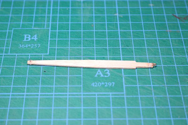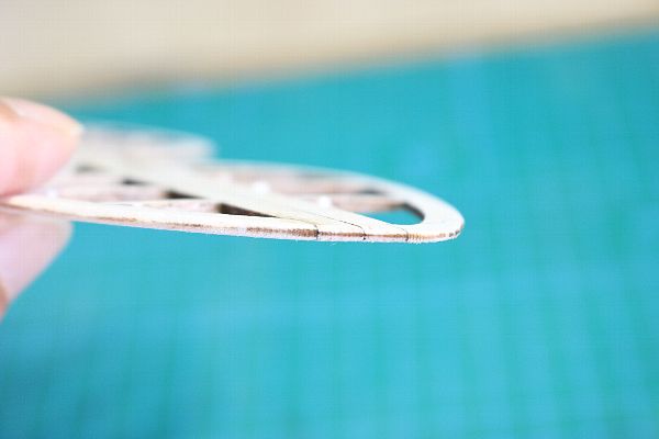 |  きれいな翼型になるように前縁や後縁を整形しました。 |  尾翼も後縁を薄く、前縁は丸くなるように整形しました。 |
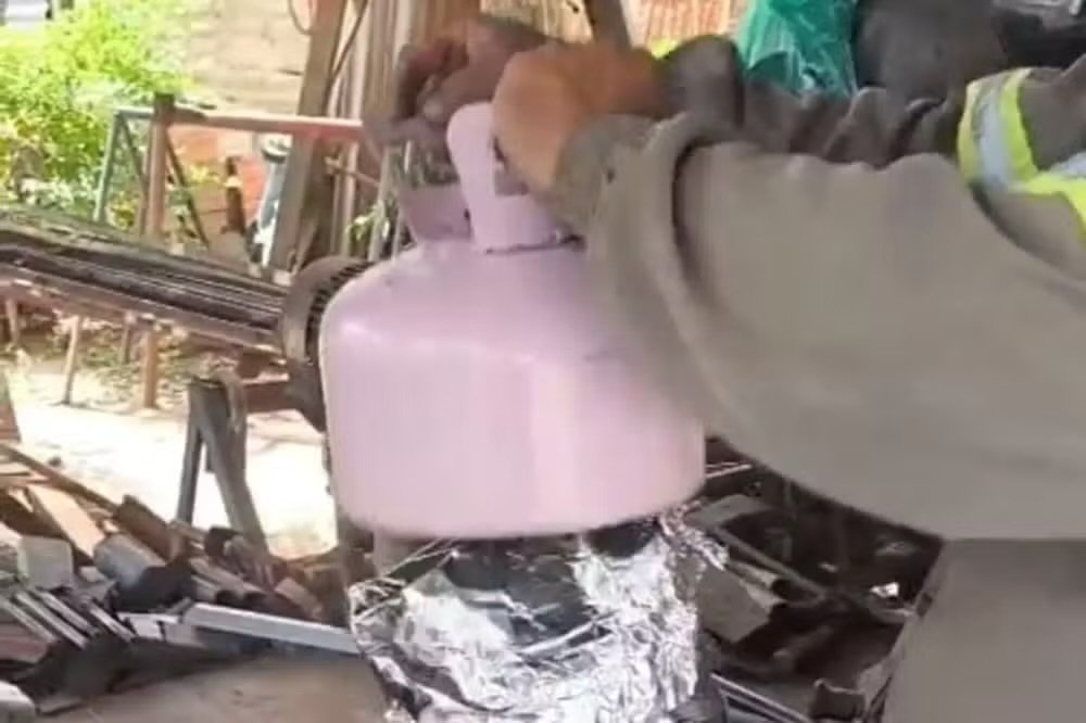 Durante a fiscalização de bagagens de passageiros suspeitos, os policiais abordaram um homem que transportava uma mala e dois cilindros de gás usados em sistemas de ar-condicionado. Ao perceberem sinais de adulteração nos recipientes, os militares conduziram o material até uma serralheria, onde foi possível realizar a abertura com segurança.
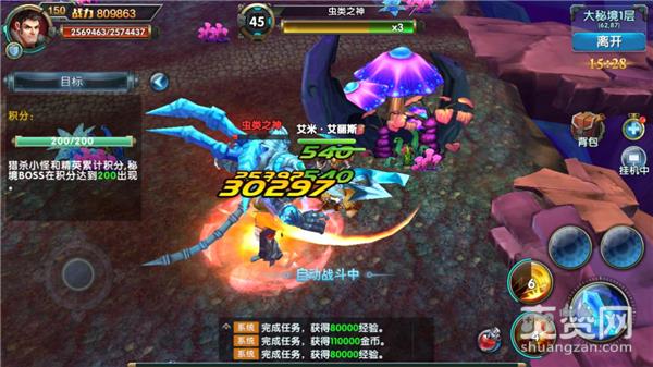 进入副本后,是一个很大的地图,里面有很多的怪物,怪物等级分为普通、小头目、精英。其中普通怪物给予的积分为1,小头目与精英为5,玩家需要在指定的时间内达到指定的积分才能挑战BOSS获得最终的奖励。
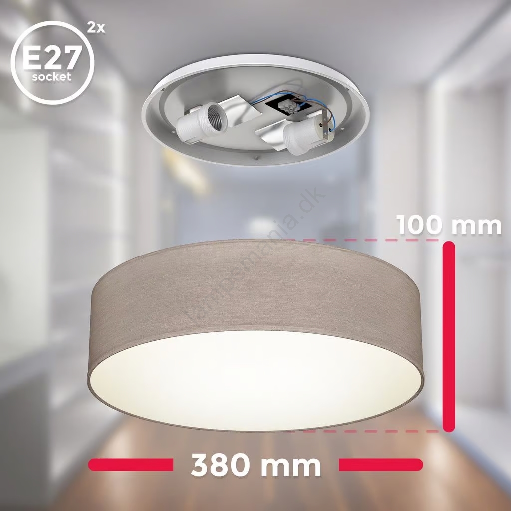 Loftlampe 2xE27/40W/230V Ø 38 cm beige er kendetegnet ved et flot og funktionelt design.  En lyspære med E27-fatning passer til denne lampe. Her kan du købe andre pærer til fordelagtige priser. Du får en interessant tilføjelse til dit hjem.

## EXERCISE INSTRUCTIONS
Restate the whole listing word for word. Omit the pictures.

## COMPLETED EXERCISE
 |  きれいな翼型になるように前縁や後縁を整形しました。 |  尾翼も後縁を薄く、前縁は丸くなるように整形しました。 |
 Durante a fiscalização de bagagens de passageiros suspeitos, os policiais abordaram um homem que transportava uma mala e dois cilindros de gás usados em sistemas de ar-condicionado. Ao perceberem sinais de adulteração nos recipientes, os militares conduziram o material até uma serralheria, onde foi possível realizar a abertura com segurança.
 进入副本后,是一个很大的地图,里面有很多的怪物,怪物等级分为普通、小头目、精英。其中普通怪物给予的积分为1,小头目与精英为5,玩家需要在指定的时间内达到指定的积分才能挑战BOSS获得最终的奖励。
 Loftlampe 2xE27/40W/230V Ø 38 cm beige er kendetegnet ved et flot og funktionelt design.  En lyspære med E27-fatning passer til denne lampe. Her kan du købe andre pærer til fordelagtige priser. Du får en interessant tilføjelse til dit hjem.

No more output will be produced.